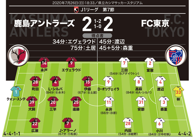 J1採点 寸評 鹿島2 2fc東京 鮮やかボレー弾の土居より高く評価したのは サッカーダイジェストweb
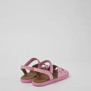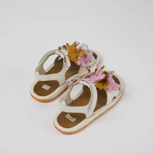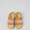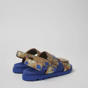 Multicolored textile kids’ sandals with OrthoLite® Recycled™ removable footbeds and rubber outsoles (20% recycled).
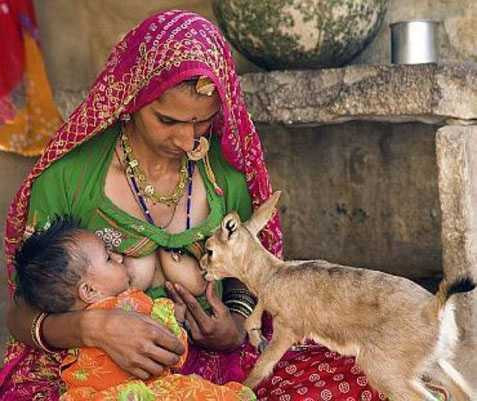 | Một phụ nữ Bishnoi cho thú rừng bú chung với con của mình |
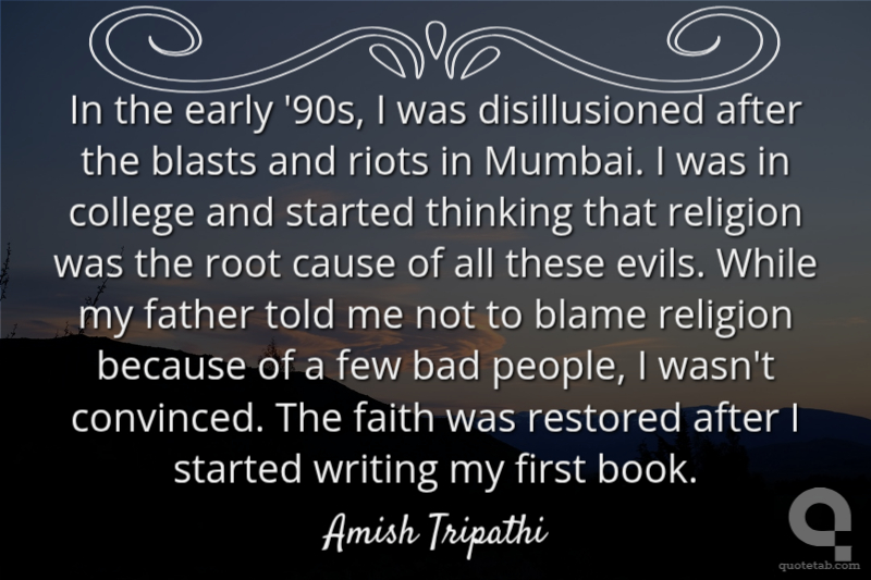 In the early '90s, I was disillusioned after the blasts and riots in Mumbai. I was in college and started thinking that religion was the root cause of all these evils. While my father told me not to blame religion because of a few bad people, I wasn't convinced. The faith was restored after I started writing my first book.
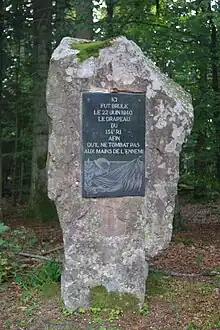 Dans la nuit au 25 au (après l’armistice du 22 juin 1940), le colonel Bourgeois du 154e R.I.F. décide de brûler le drapeau du régiment. Une fois la crémation accomplie, le commandant Bouchon et le capitaine Boisselet procèdent à l'enfouissement de la pointe de lance de la hampe, dans un petit bois situé près du cimetière du Donon.
◇ ◇ ◇ ◇
[Brief]: From the line that contains "In the early" to the last line of the data above, inclusive, transcribe every line exactly and only those lines, omitting pictures.

[Exercise solution]:
 In the early '90s, I was disillusioned after the blasts and riots in Mumbai. I was in college and started thinking that religion was the root cause of all these evils. While my father told me not to blame religion because of a few bad people, I wasn't convinced. The faith was restored after I started writing my first book.
 Dans la nuit au 25 au (après l’armistice du 22 juin 1940), le colonel Bourgeois du 154e R.I.F. décide de brûler le drapeau du régiment. Une fois la crémation accomplie, le commandant Bouchon et le capitaine Boisselet procèdent à l'enfouissement de la pointe de lance de la hampe, dans un petit bois situé près du cimetière du Donon.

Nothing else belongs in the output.